Data were managed and analysed with IBM SPSS for Windows (IBM Corporation, Chicago, USA; https://www.ibm.com/spss) version 24. Simple comparisons (χ²-test for gender distribution and t-tests for age and years of education) between patients and controls were used for sociodemographic variables.
Regarding analysis of response times, we first removed the error trials before performing the computing analysis. Then, positive and negative interference scores were calculated. Interference is, by definition, a difference score between a baseline or non-conflicting measure (in this case, those trials in which the word was neutral) and a conflict condition (e.g. a trial in which the face was happy and the word was negative). Consequently, the negative interference score was calculated by subtracting the average response time of trials where the distractor was a neutral word, from negative incongruent trials. The same procedure was followed for calculating the positive interference score. Once interference effect was calculated for each condition, a 2 × 2 × 2 repeated-measures analysis of variance was conducted. The task (EESt, CESt) and the interference (positive, negative) were the within-participant factors, whereas the group (patients, controls) was the between-participants factor. Greenhouse–Geisser and Bonferroni corrections were applied when appropriate. Finally, Pearson's correlations were conducted to explore the possible association of performance in both tasks with clinical symptoms (PANSS factors according to the Wallwork model) and antipsychotic medication dosage (chlorpromazine equivalents). Results were considered significant when P < 0.05.
Results
As Table 1 shows, patients did not differ from controls in terms of age (t(56) = 0.369, P = 0.71) or gender distribution (χ2 = 1.73, P = 0.18). Patients had significantly fewer years of education compared with healthy controls (t(51) = 7.61, P < 0.001). Mean response times and error rates for each of the conditions in the task are presented in Table 2.

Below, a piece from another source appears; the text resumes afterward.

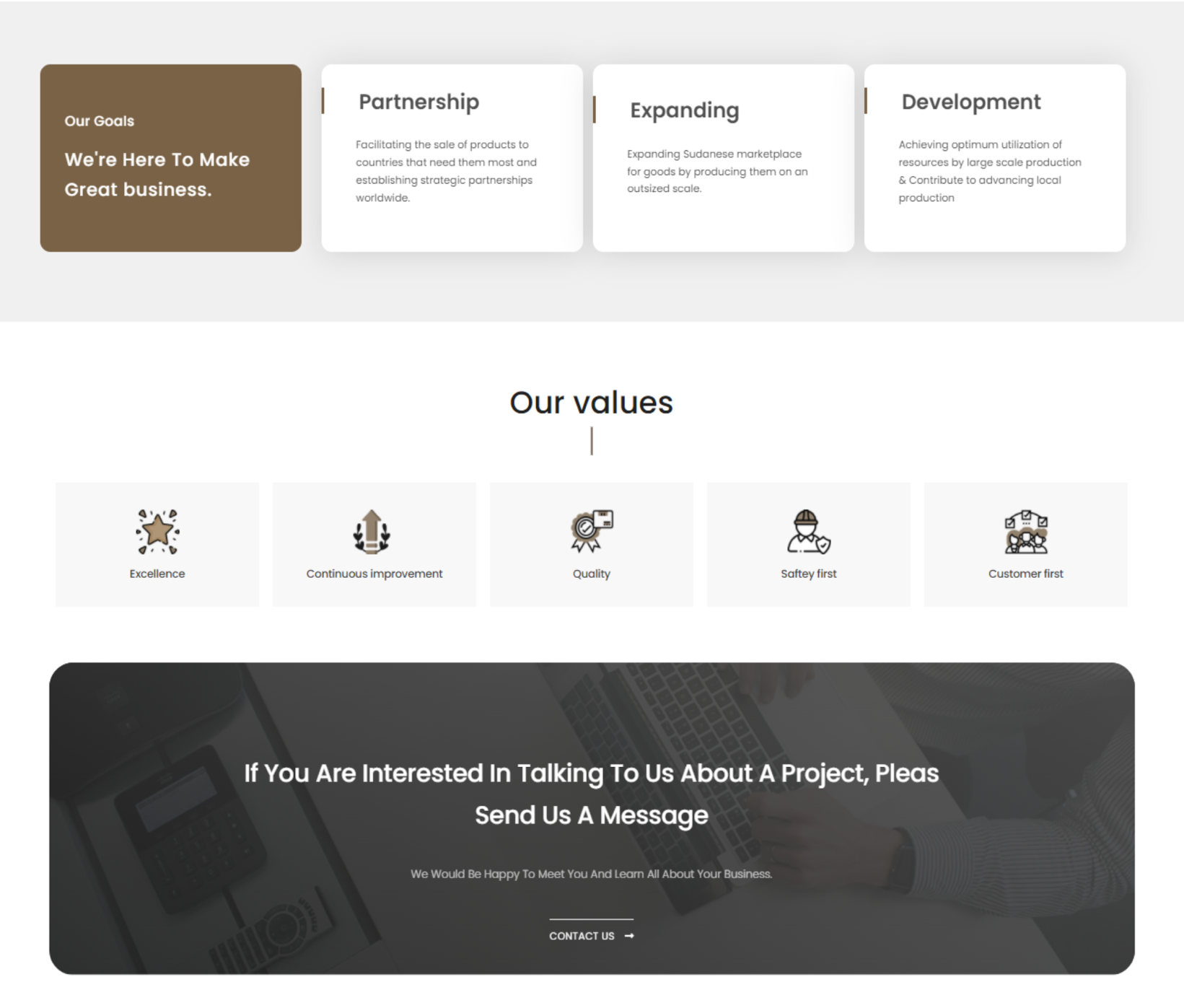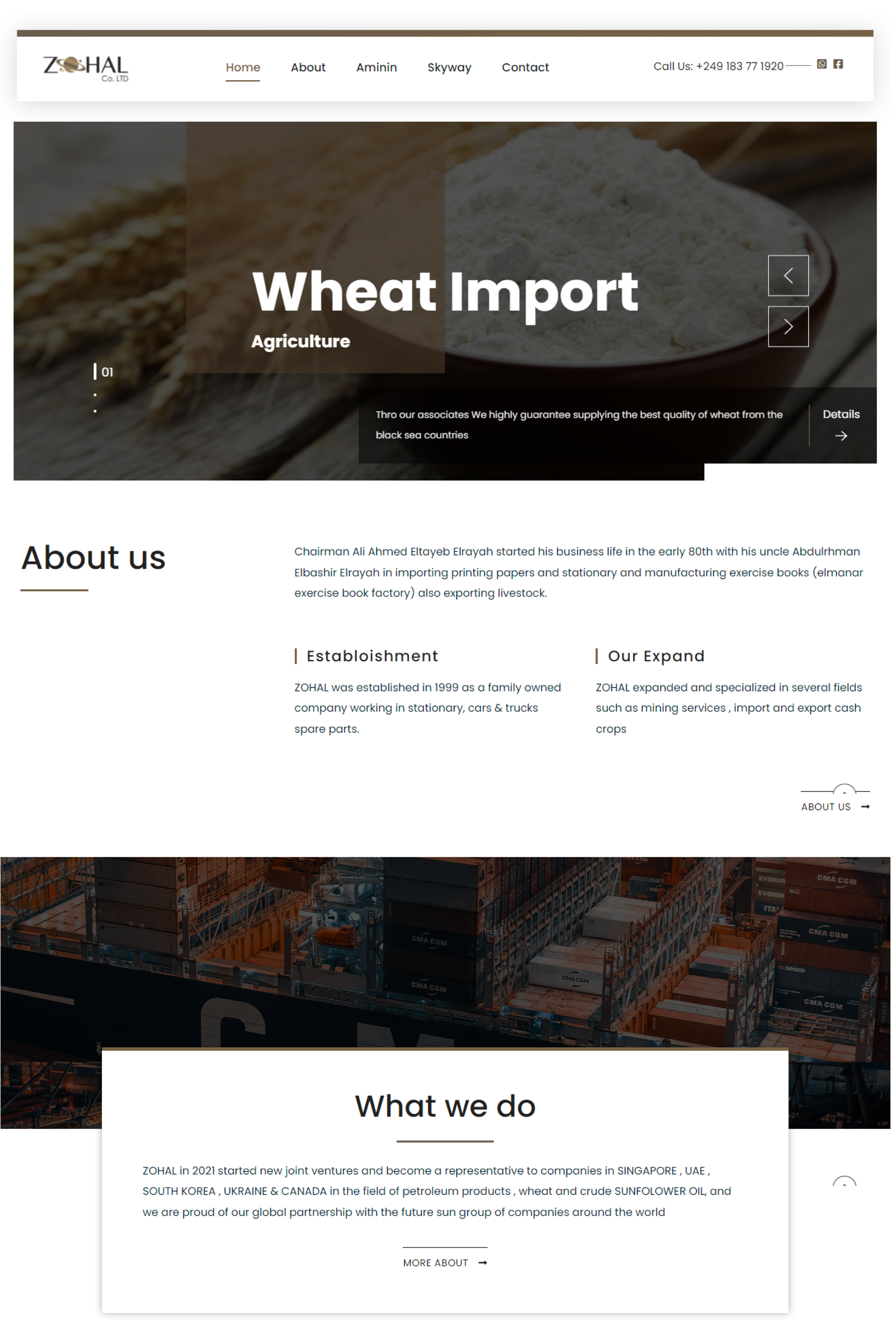 The export and import company website highlights products and global services with a professional, responsive design for an efficient client experience.

Interference effect (response times)
Here, both tasks were submitted to the same analysis. First, a main effect of group was found (F(1,40) = 9.44, P = 0.004, η 2p = 0.19). Patients showed higher interference than controls (patients: mean 393.33, s.d. = 425.37; controls: mean 90.72, s.d. = 317.08; 95% CI 103.51–501.73). Second, a task×group interaction was found (F(1,40) = 12.18, P = 0.001, η 2p = 0.23). Although there were no significant differences between patients and controls in the CESt (P = 0.831), the interference in the EESt was higher for patients than for controls (patients: mean 744.19, s.d. = 738.36; controls: mean 152.39, s.d. = 550.31; P = 0.001, 95% CI 246.20–937.42). Additionally, an interference×group interaction was also present (F(1,40) = 7.705, P = 0.008, η 2p = 0.16). Regarding negative interference, there were no differences between patients and controls (P = 0.418). However, patients with schizophrenia showed higher interference effects than controls in positive incongruent trials (patients: mean 649.63, s.d. = 563.07; controls: mean 139.77, s.d. = 419.67; P < 0.001, 95% CI 246.30–773.43). Finally, the triple interaction task×interference×group was marginally significant (F(1,40) = 2.91, P = 0.096, η 2p = 0.07) (see Fig. 2). Similarly, post hoc comparisons revealed that in the EESt, patients showed greater positive interference than controls (patients: mean 1189.92, s.d. = 1016.4; controls: mean 269.11, s.d. = 757.6; P < 0.001, 95% CI 445.04–1396.58).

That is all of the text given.